- **Required work**
Without pictures, repeat the lines of the entries from the one containing "美对华船舶加费政策将生效,航运业懵了? 因为政策到现在还没出来细节!! 这下可太有好戏看了。" through the last, both ends included, and nothing else.

--- --- ---

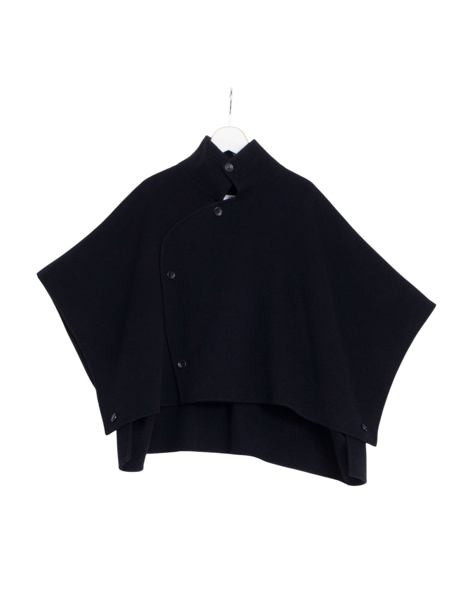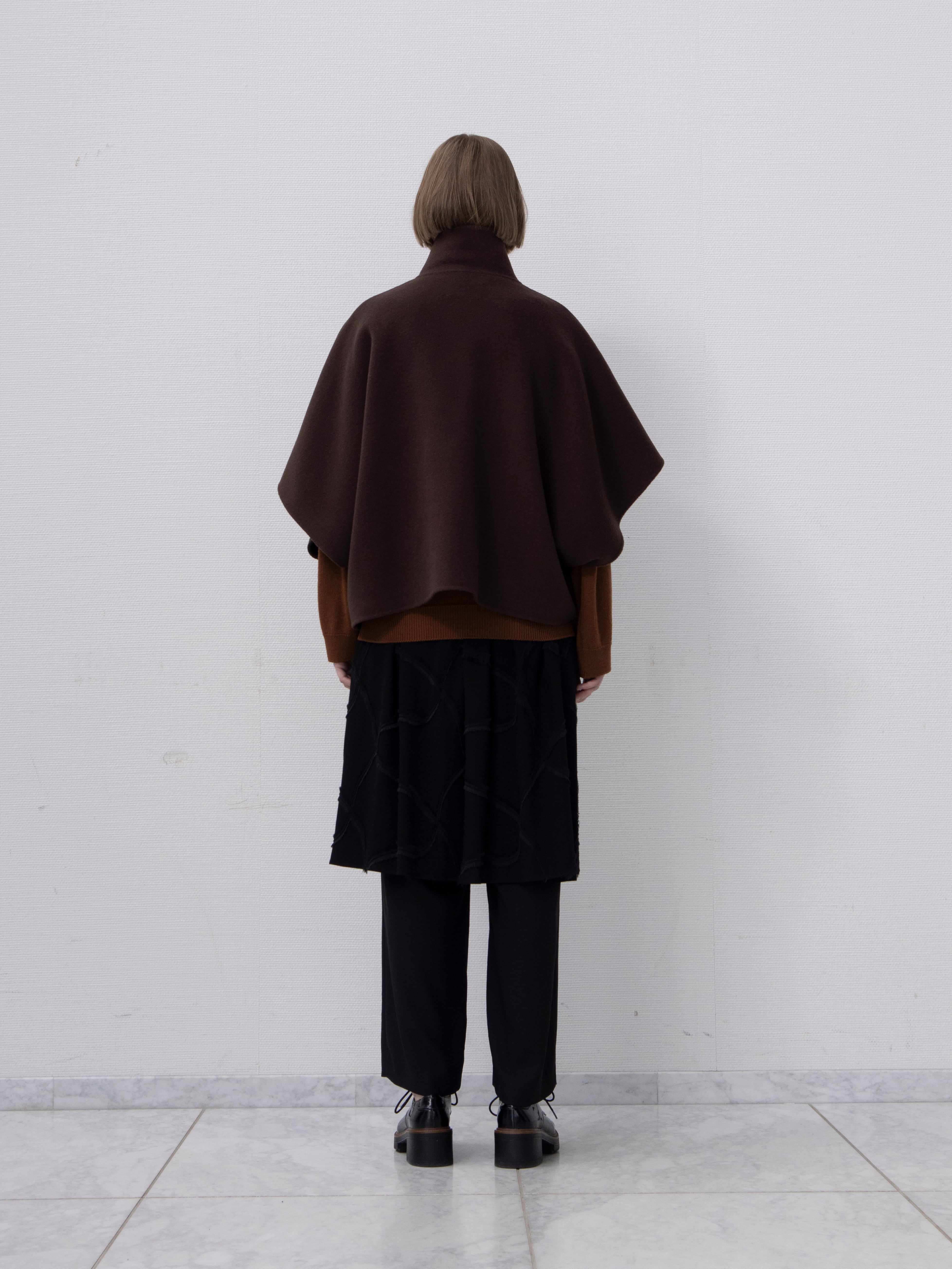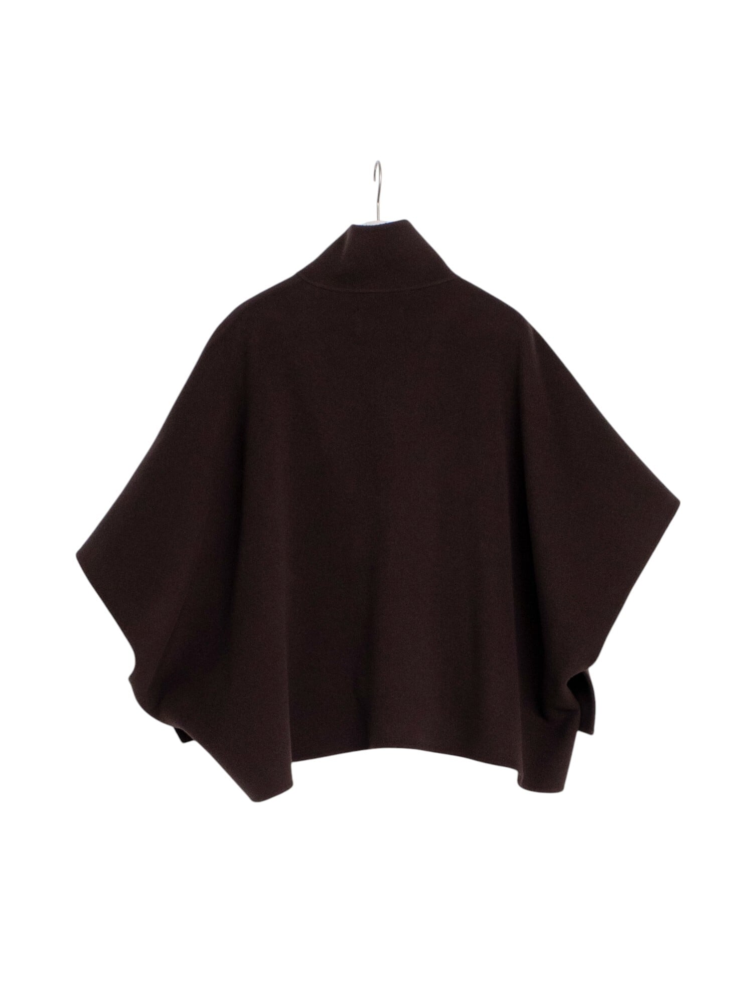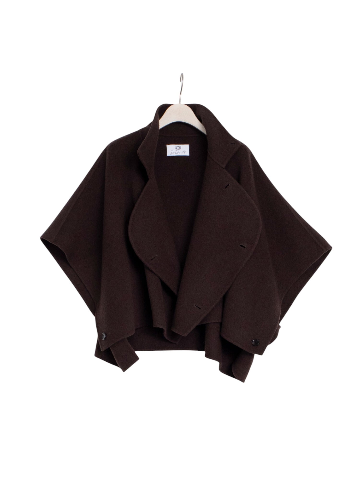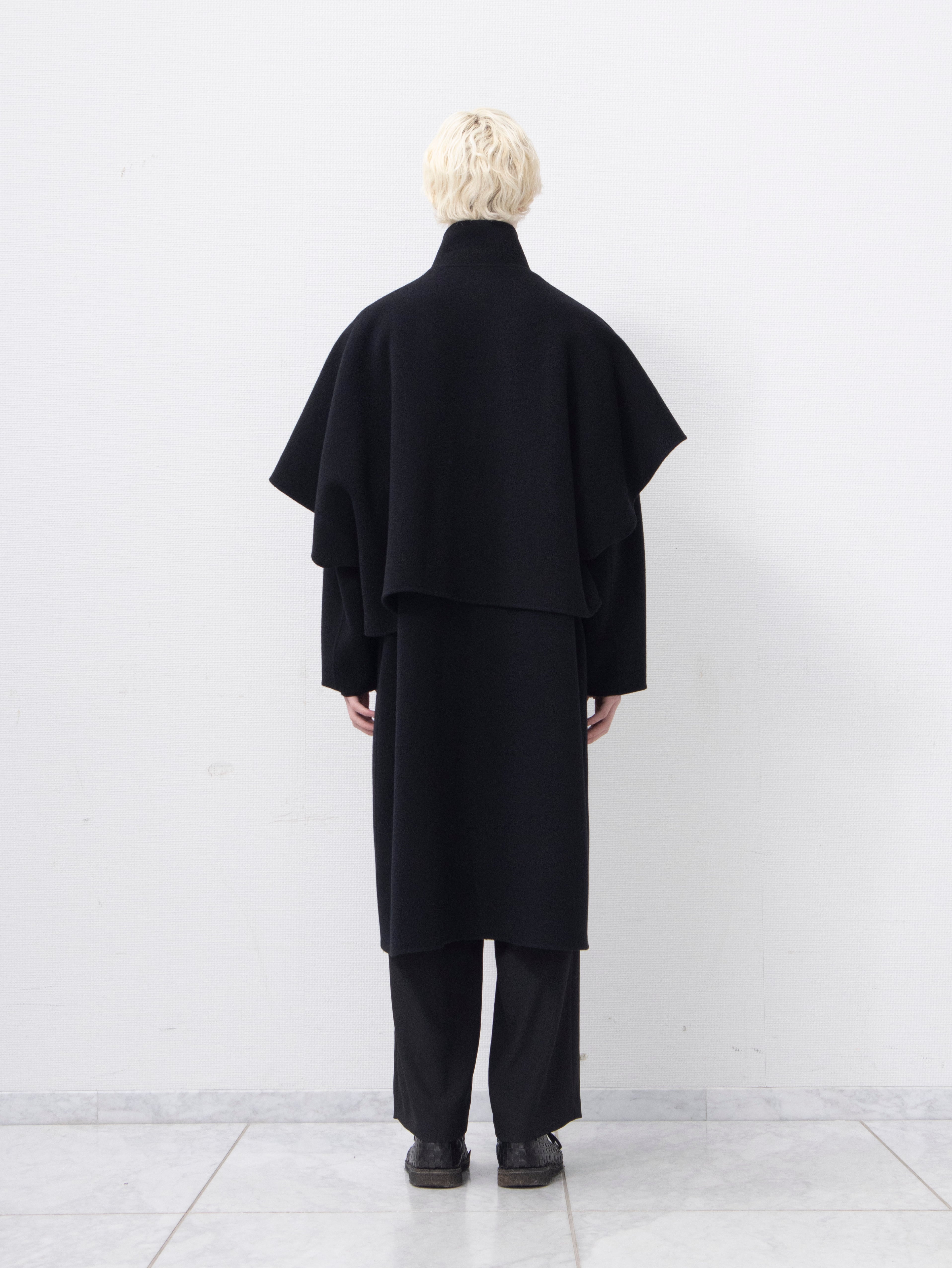 ウールの中で一番綺麗で高価なフリース部分から採れる、希少性の高いPure Super 100のラムウールを使用した、贅沢なリバー仕立てのケープコート。
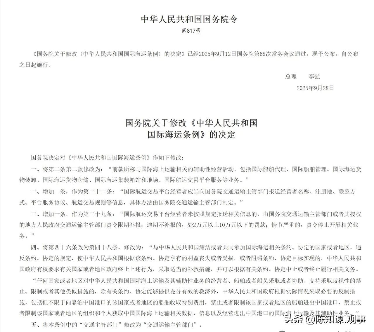 美对华船舶加费政策将生效,航运业懵了? 因为政策到现在还没出来细节!! 这下可太有好戏看了。 美国针对中国建造船只的额外港口费政策,10月14日就要生效了,但现在还没说清具体咋执行,不少美国航运人吐槽“一头雾水”。 不过这事影响不小。 中国造船业占全球大半份额,全球近九成商船都可能被波及。目前美西线40呎柜运价已跌到1400美元左右,逼近成本线,加费后美国消费者买进口商品得花更多钱。 当然我们可早有回应。 商务部明确反对这一做法,称会采取必要措施维权。 中方反制措施可能针对的是美国船舶,包括悬挂美国国旗或由美国公司所有的船只,尤其是美国美森轮船有限公司。 美森轮船(Matson Navigation Company)是一家成立于1882年的美国公司,总部位于夏威夷的檀香山。是历史上第一家提供泛太平洋集装箱班轮服务的公司。 公司长期经营的跨太平洋航线,包括从中国至美国南加州的航运服务。相关数据显示,美森在全球集装箱承运商中排名第29位,占全球运力的0.2%。 另外,中远海运等企业已表态,会优化运费政策、维持航线运力,不打乱对美贸易运输。 有消息说,中国港口可能对相关船舶调整停靠优先级,联动“一带一路”港口应对。 目前,美国国内港口、零售行业本就反对,觉得会推高成本。 而且中国船舶性价比高,船东不会轻易放弃。更可能的是,航运企业通过调整航线分摊成本,美国想借这招打压中国造船业,最后恐怕是“搬起石头砸自己的脚”,反倒让全球供应链更乱。
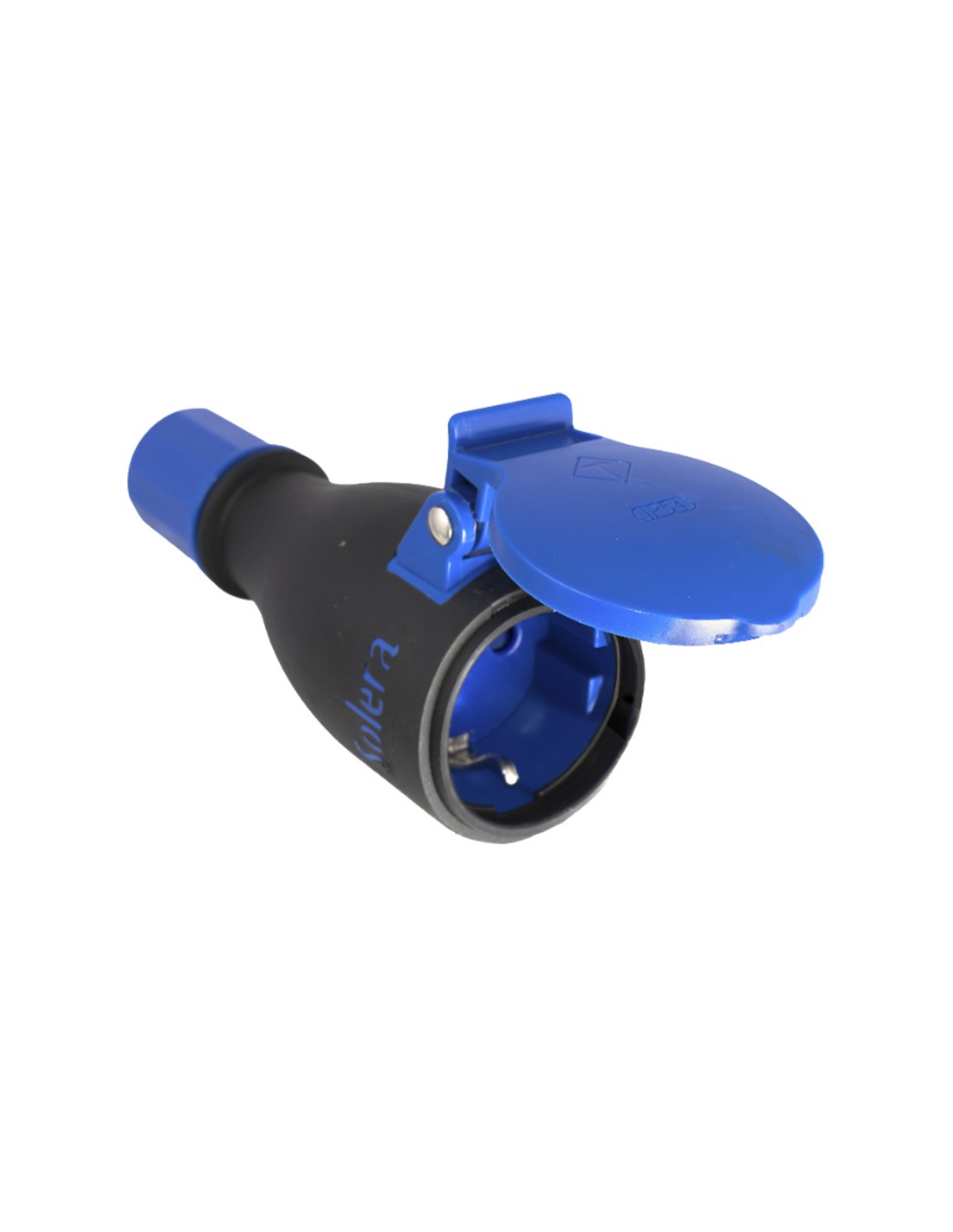 Material caucho termoplástico negro. ip54. sujetacables abatible para facilitar el embornamiento.schuko t/t lateral. posibilidad de utilizar cable 3x2,5 mm. con prensaestopa.máx.3680w.
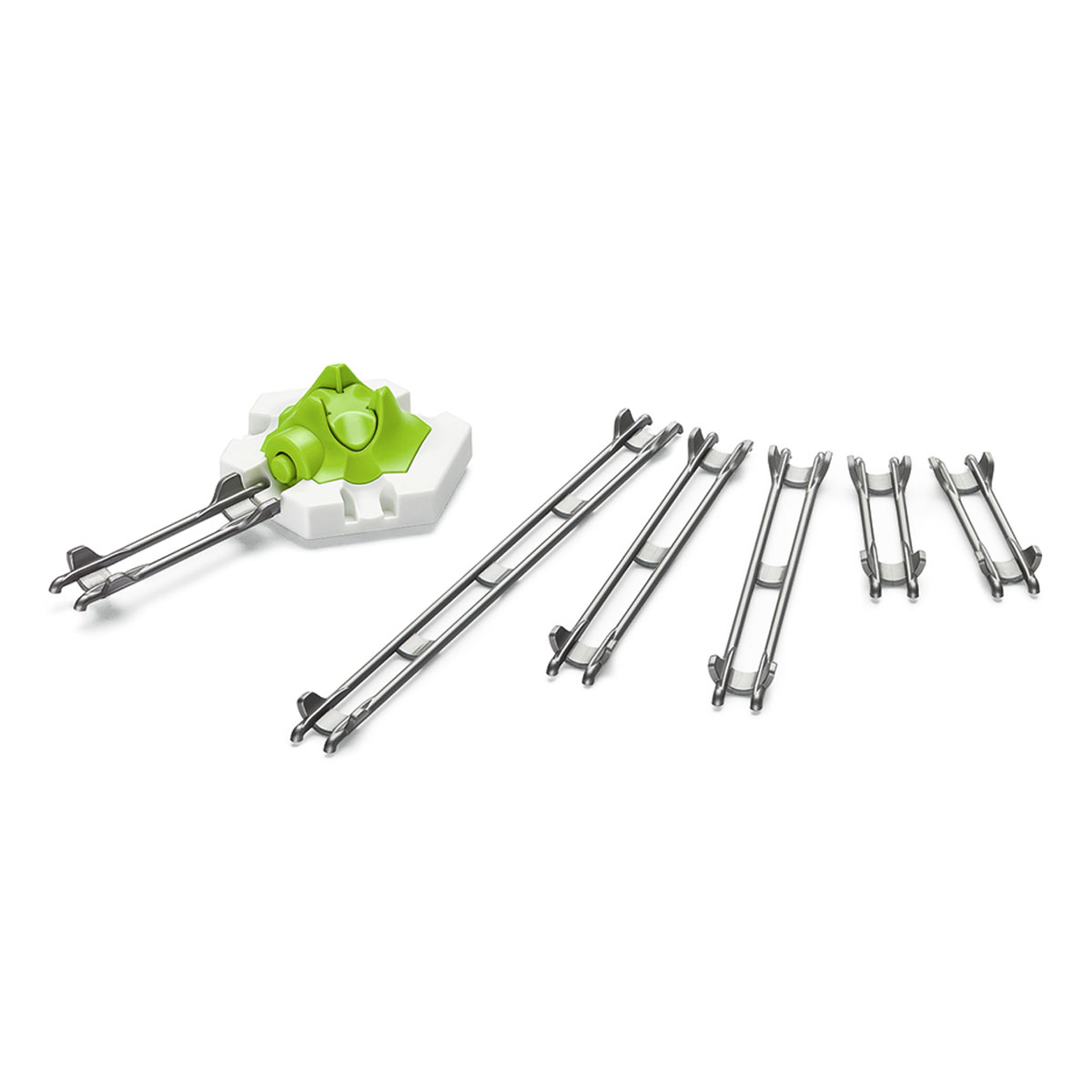 Набор «Рельсы и труба» — не самостоятельная игра. Его можно использовать только в сочетании со Стартовым наборомGraviTrax.
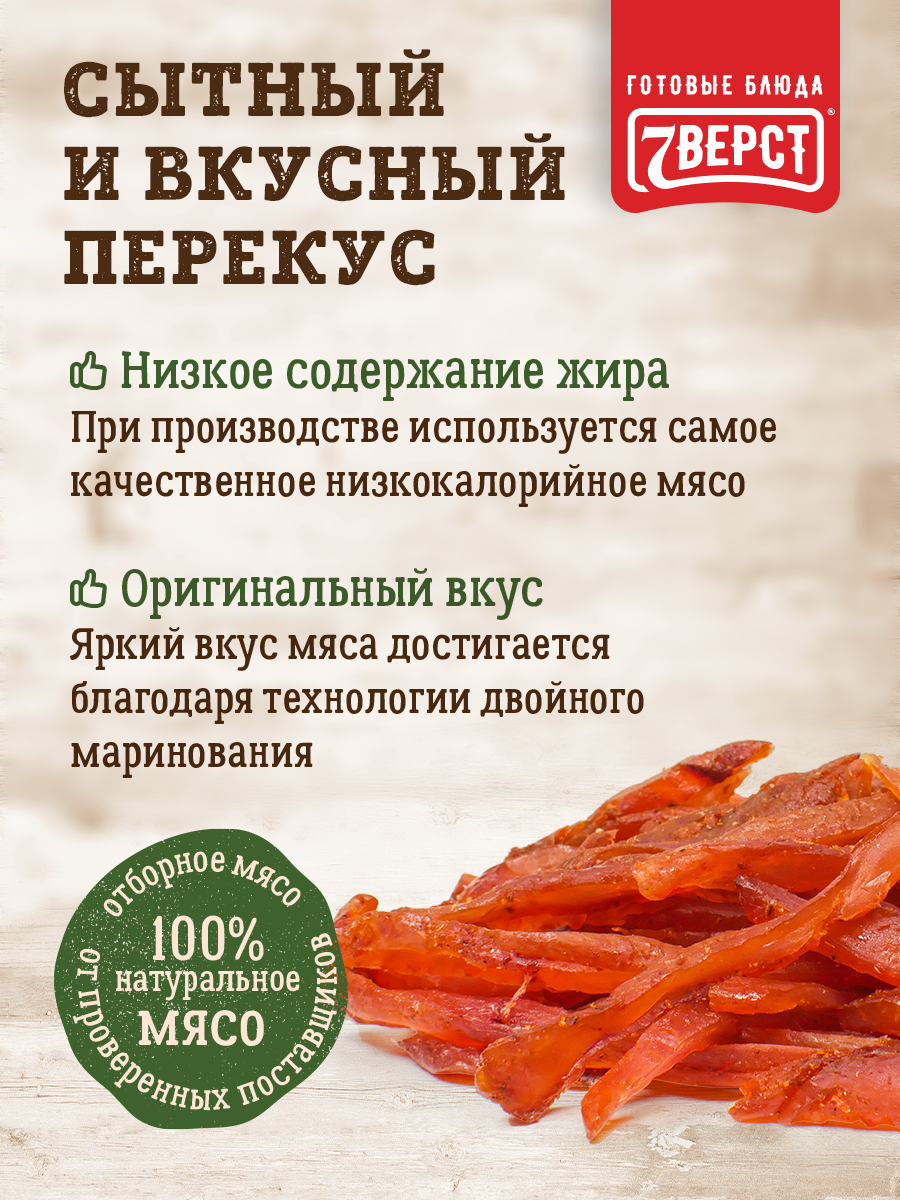 Вяленое мясо 7 Верст представляет собой натуральный продукт, который сочетает в себе традиционные методы приготовления и современные вкусовые предпочтения. Этот вид сушеного мяса отличается особой текстурой и насыщенным вкусом, что делает его отличным выбором для любителей мясных снеков. Благодаря специальной технологии обработки, мясные чипсы сохраняют максимум питательных веществ и при этом обладают легкой жевательной структурой.

--- --- ---

- **Reply**
 美对华船舶加费政策将生效,航运业懵了? 因为政策到现在还没出来细节!! 这下可太有好戏看了。 美国针对中国建造船只的额外港口费政策,10月14日就要生效了,但现在还没说清具体咋执行,不少美国航运人吐槽“一头雾水”。 不过这事影响不小。 中国造船业占全球大半份额,全球近九成商船都可能被波及。目前美西线40呎柜运价已跌到1400美元左右,逼近成本线,加费后美国消费者买进口商品得花更多钱。 当然我们可早有回应。 商务部明确反对这一做法,称会采取必要措施维权。 中方反制措施可能针对的是美国船舶,包括悬挂美国国旗或由美国公司所有的船只,尤其是美国美森轮船有限公司。 美森轮船(Matson Navigation Company)是一家成立于1882年的美国公司,总部位于夏威夷的檀香山。是历史上第一家提供泛太平洋集装箱班轮服务的公司。 公司长期经营的跨太平洋航线,包括从中国至美国南加州的航运服务。相关数据显示,美森在全球集装箱承运商中排名第29位,占全球运力的0.2%。 另外,中远海运等企业已表态,会优化运费政策、维持航线运力,不打乱对美贸易运输。 有消息说,中国港口可能对相关船舶调整停靠优先级,联动“一带一路”港口应对。 目前,美国国内港口、零售行业本就反对,觉得会推高成本。 而且中国船舶性价比高,船东不会轻易放弃。更可能的是,航运企业通过调整航线分摊成本,美国想借这招打压中国造船业,最后恐怕是“搬起石头砸自己的脚”,反倒让全球供应链更乱。
 Material caucho termoplástico negro. ip54. sujetacables abatible para facilitar el embornamiento.schuko t/t lateral. posibilidad de utilizar cable 3x2,5 mm. con prensaestopa.máx.3680w.
 Набор «Рельсы и труба» — не самостоятельная игра. Его можно использовать только в сочетании со Стартовым наборомGraviTrax.
 Вяленое мясо 7 Верст представляет собой натуральный продукт, который сочетает в себе традиционные методы приготовления и современные вкусовые предпочтения. Этот вид сушеного мяса отличается особой текстурой и насыщенным вкусом, что делает его отличным выбором для любителей мясных снеков. Благодаря специальной технологии обработки, мясные чипсы сохраняют максимум питательных веществ и при этом обладают легкой жевательной структурой.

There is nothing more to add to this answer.